*The data*.
○ ○ ○ ○

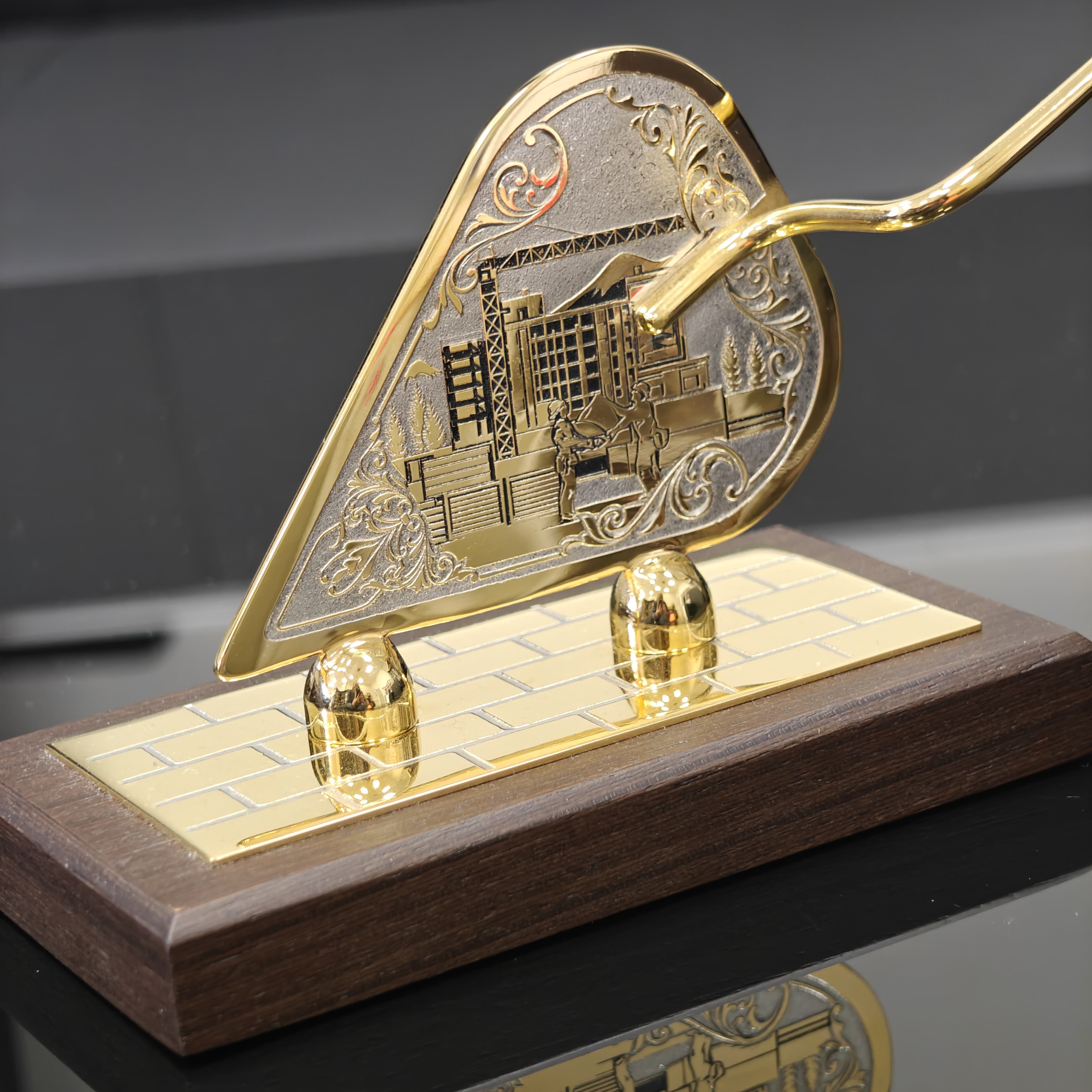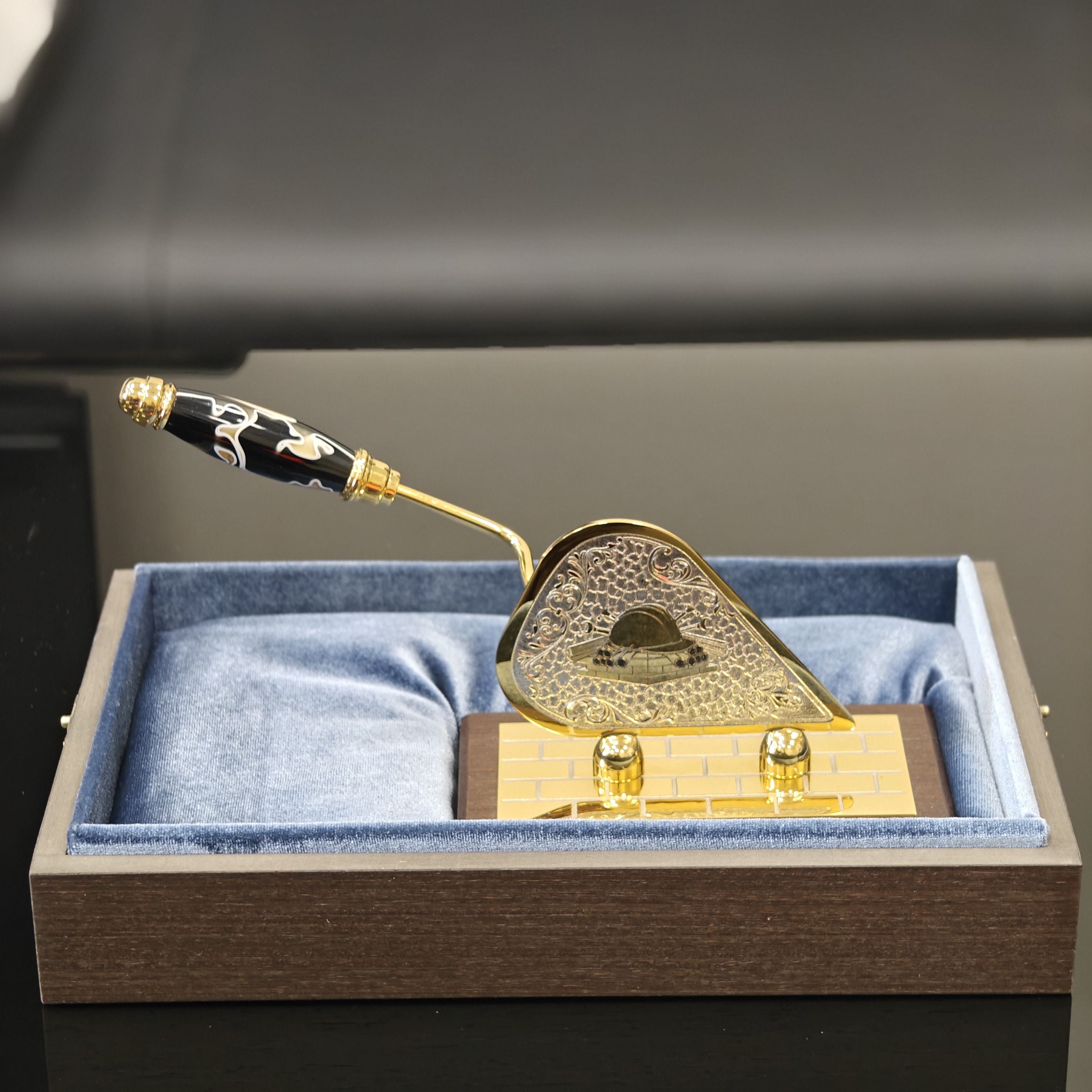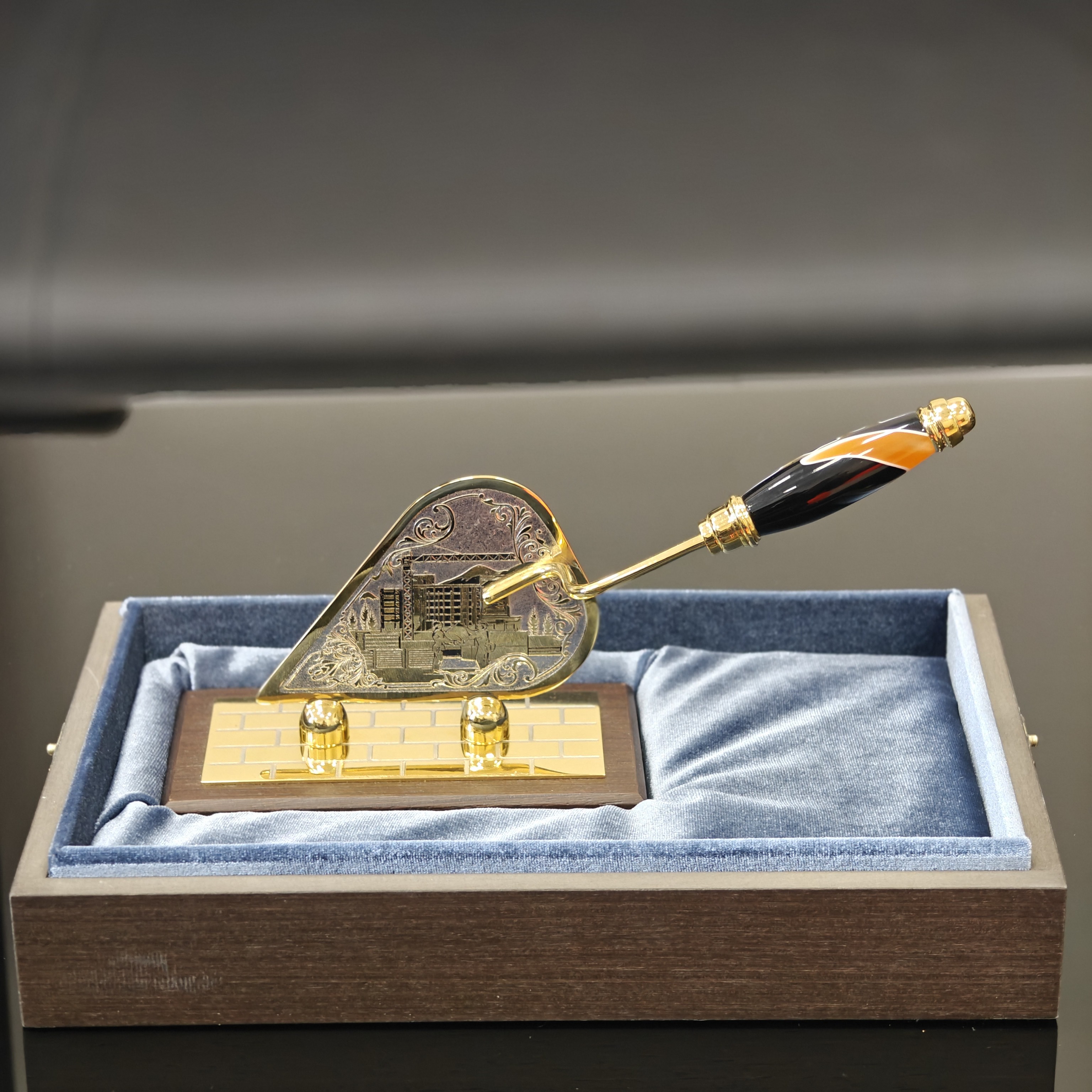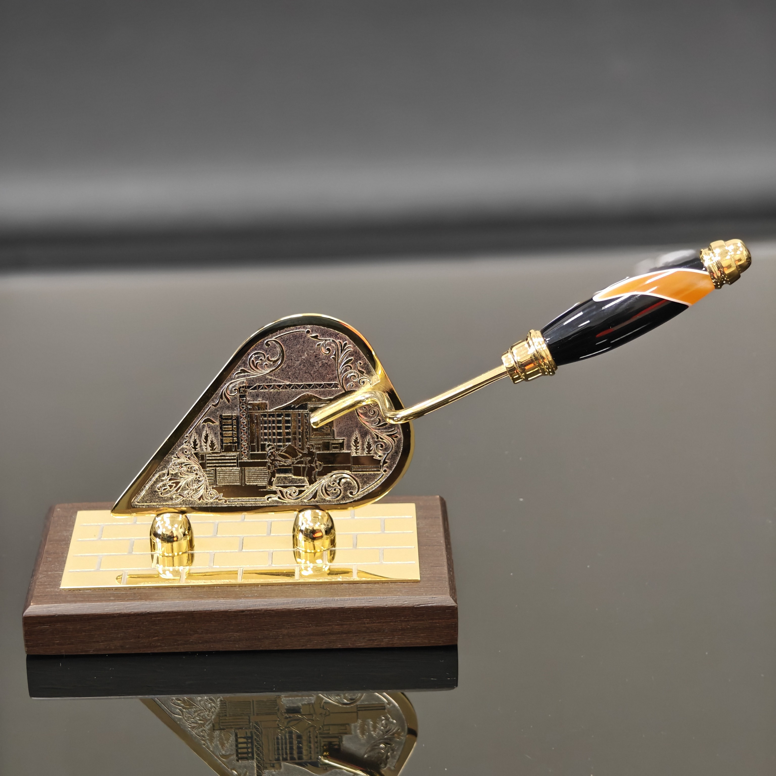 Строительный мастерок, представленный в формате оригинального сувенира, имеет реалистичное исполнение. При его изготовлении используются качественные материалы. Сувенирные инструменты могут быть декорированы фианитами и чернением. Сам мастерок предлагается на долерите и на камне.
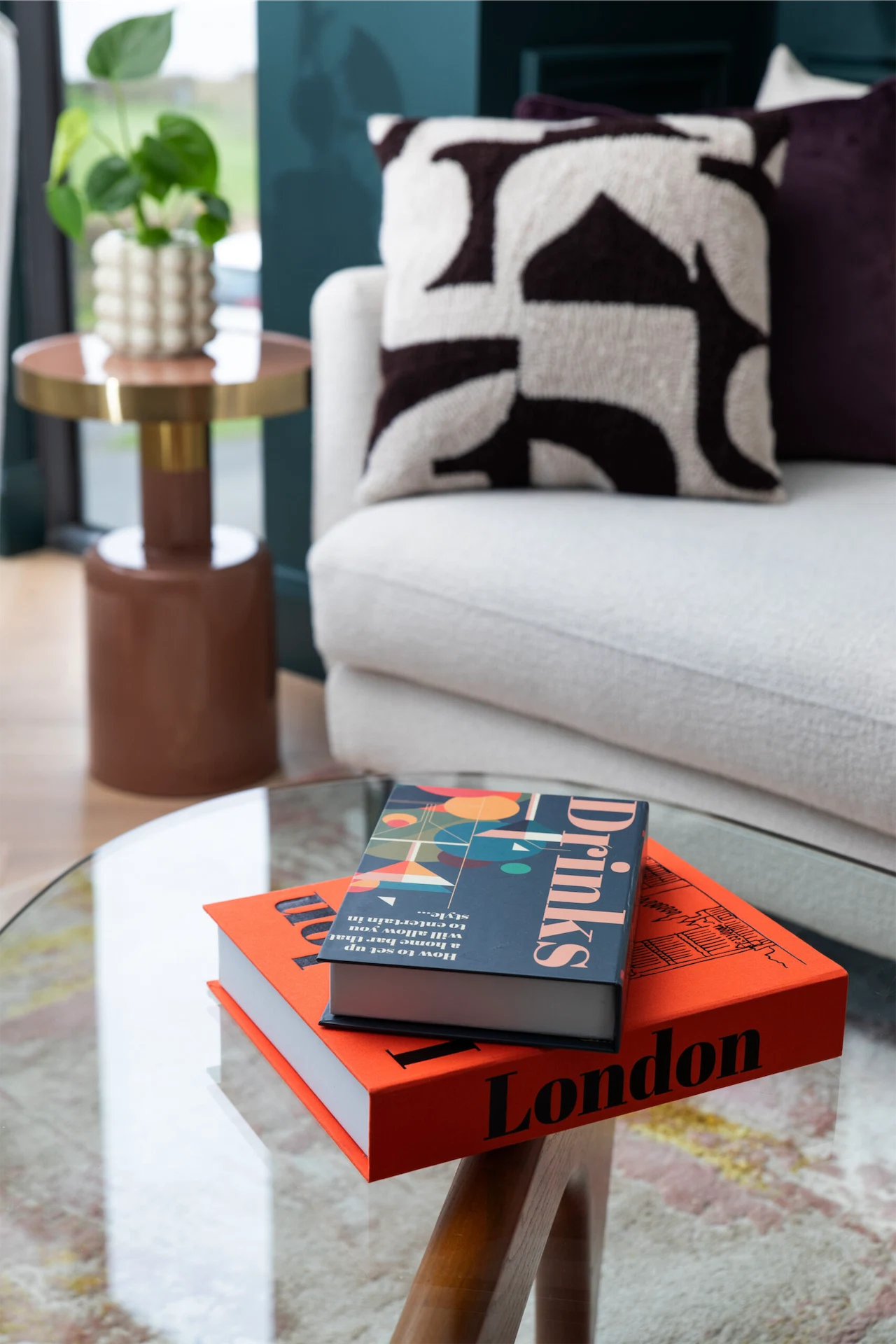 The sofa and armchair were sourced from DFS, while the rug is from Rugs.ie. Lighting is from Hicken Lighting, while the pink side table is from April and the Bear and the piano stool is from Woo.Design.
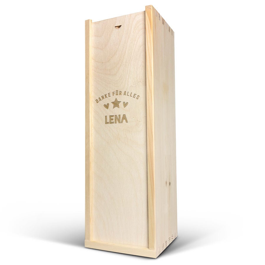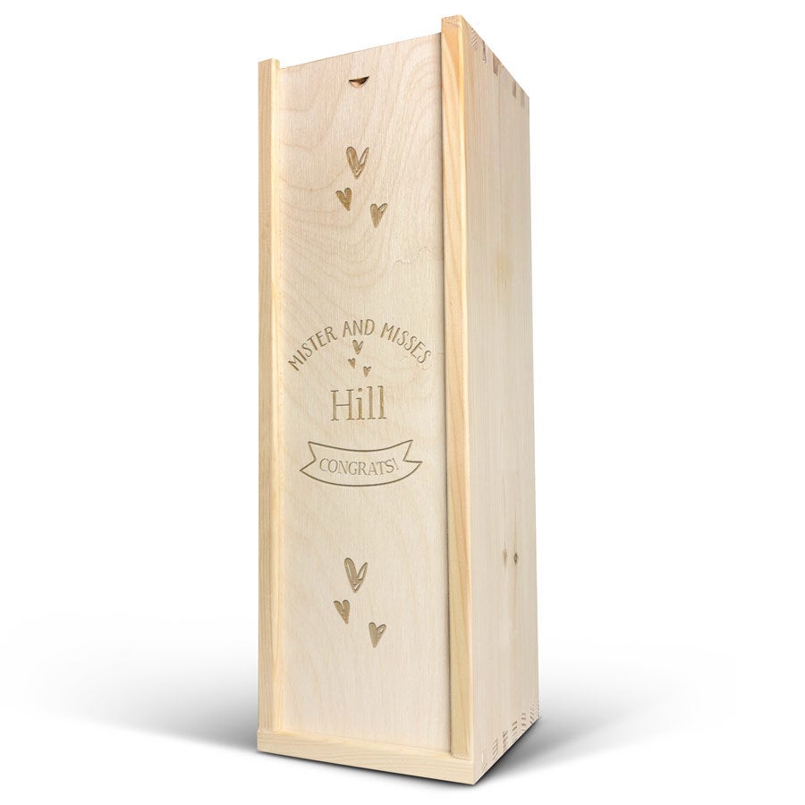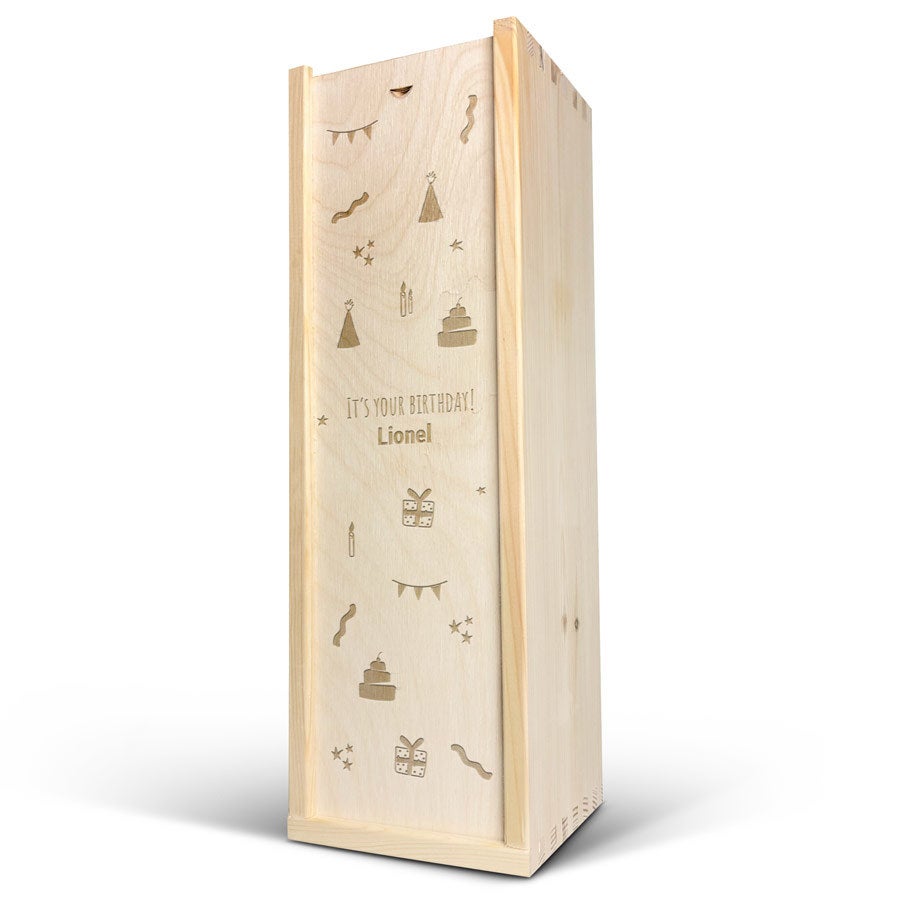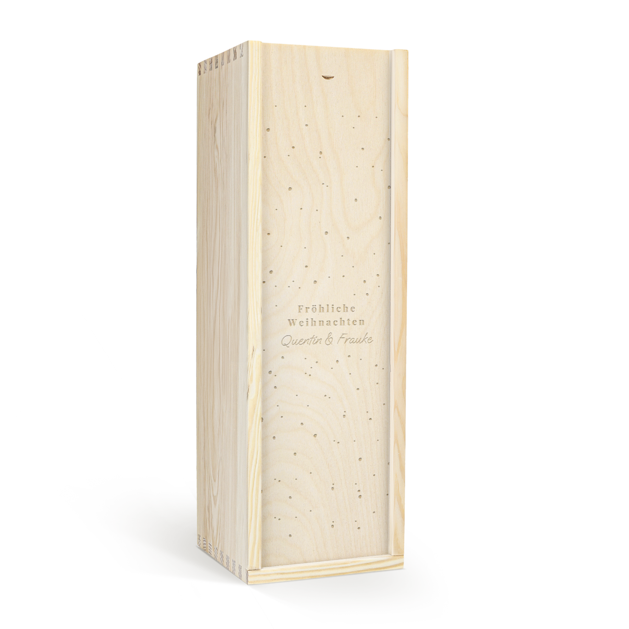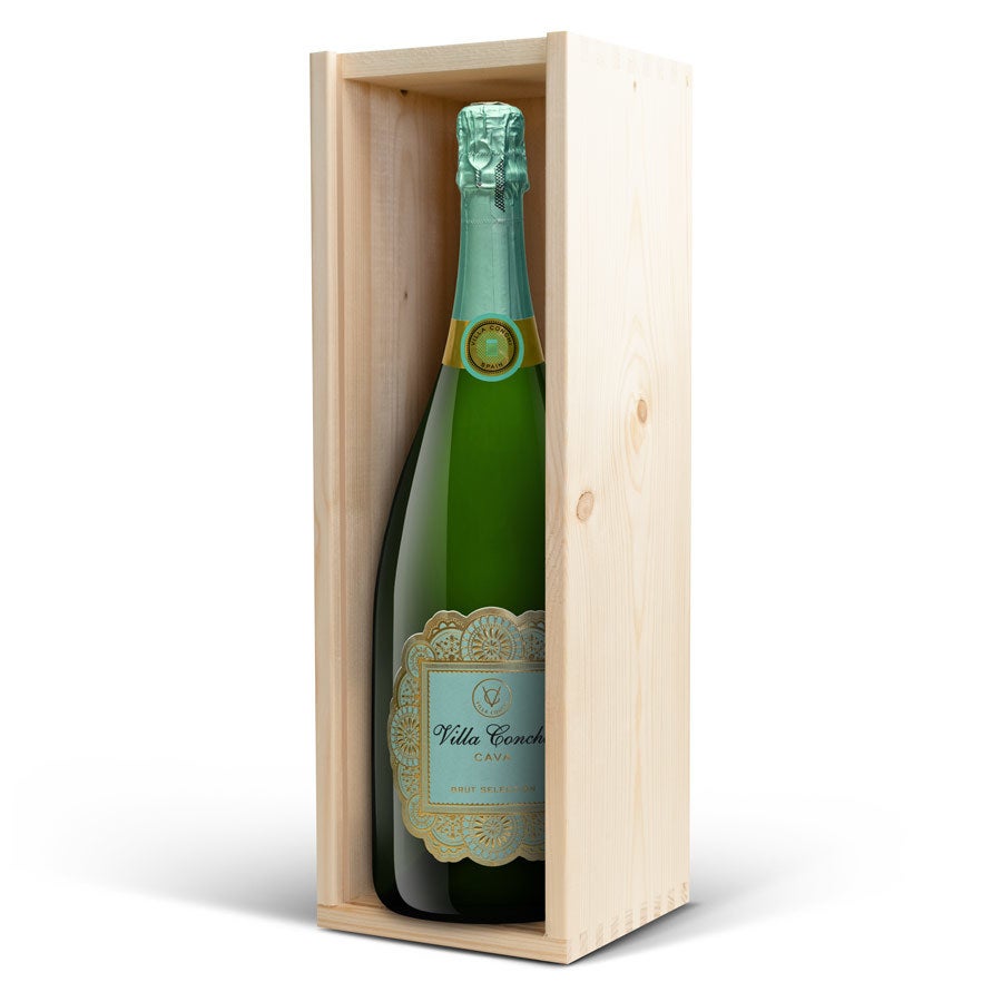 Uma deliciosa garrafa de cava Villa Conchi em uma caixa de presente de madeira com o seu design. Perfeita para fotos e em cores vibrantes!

○ ○ ○ ○

*Instructions for the task*. Copy the material verbatim. The pictures are not part of the copy.

*Exercise result*.
 Строительный мастерок, представленный в формате оригинального сувенира, имеет реалистичное исполнение. При его изготовлении используются качественные материалы. Сувенирные инструменты могут быть декорированы фианитами и чернением. Сам мастерок предлагается на долерите и на камне.
 The sofa and armchair were sourced from DFS, while the rug is from Rugs.ie. Lighting is from Hicken Lighting, while the pink side table is from April and the Bear and the piano stool is from Woo.Design.
 Uma deliciosa garrafa de cava Villa Conchi em uma caixa de presente de madeira com o seu design. Perfeita para fotos e em cores vibrantes!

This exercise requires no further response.